Verborgene Götzen nicht wieder aufkeimen lassen
Jesus als Zeichen des Widerspruchs – denn auch Barmherzigkeit und „viel mehr noch die Zärtlichkeit“ seien Zeichen des Widerspruchs - helfe dabei, dass die verborgenen Götzen aufgedeckt und so auch zerstört werden könnten. „Und wir müssen uns an sie erinnern, wir müssen aufmerksam sein, damit das Unkraut dieser Götzen, das wir in den Falten unseres Herzens verstecken konnten, nicht wieder aufkeimt“, mahnte Franziskus, bevor er sich an „den heiligen Josef, den den keuschesten Vater ohne verborgene Götzen“ mit der Bitte wandte, „uns von jeglicher Habgier zu befreien“:
„Denn diese Habgier ist der fruchtbare Boden, auf dem diese Götzen wachsen.

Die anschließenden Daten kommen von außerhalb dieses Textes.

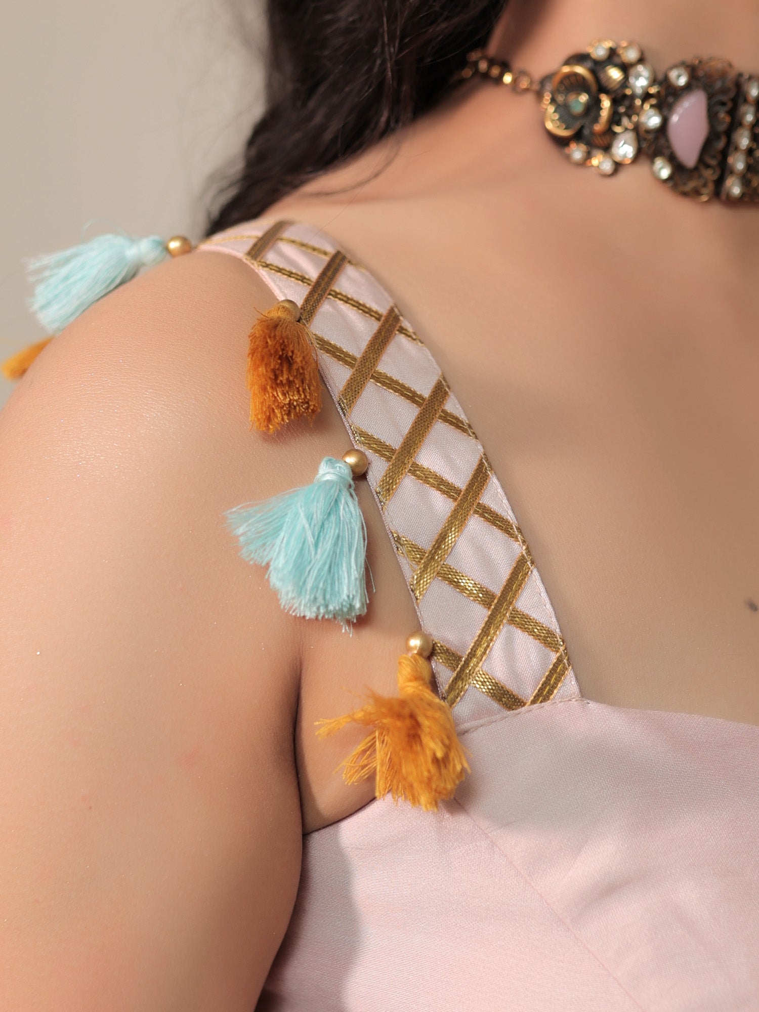 Radiate Grace This Festive Season In Our Elegant Insiyah Lehenga With Jewellery, A Soft Symphony Of Pastel Pink And Mint Accents. Designed With A Minimal Yet Chic Blouse, Flowing Skirt, And Contrasting Dupatta, This Ensemble Exudes Feminine Charm. Embellished Tassels, Ornate Choker Necklace, And Intricate Hand Accessories Complete The Look, Making It Perfect For Weddings, Festivities, And Special Occasions.

Und möge er uns auch die Gnade erwirken, in der beschwerlichen Aufgabe, diese Götzen zu erkennen, die wir so oft verbergen oder verstecken, nicht zu verzagen. Und wir bitten ihn auch, dass er dort, wo wir zweifeln, wie wir es besser machen können, für uns eintritt, damit der Geist unser Urteilsvermögen erleuchtet, so wie er das seine erleuchtet hat, als er versucht war, Maria „im Verborgenen“ (lathra) zu verlassen. So mögen wir edlen Herzens fähig sein, das, was wir durch das Gesetz gelernt haben, der Liebe zu unterstellen.“
Im Anschluss segnete der Papst die heiligen Öle, die im Lauf des Kirchenjahres Verwendung finden werden. Außerdem wurde jedem Priester, der an der Messfeier teilgenommen hatte, eine Ausgabe des im Vatikanverlag LEV erschienenen Büchleins Testimoni, non funzionari. Il sacerdote dentro il cambiamento d’epoca (auf Deutsch etwa Zeugen, nicht Funtionäre. Der Priester im Epochenwandel) überreicht. Verfasst hat das Werk, das den Gedankengang des Papstes mit biblischen und philosophischen Zitaten ausbuchstabiert, der Bischof von Ajaccio, François-Xavier Bustillo.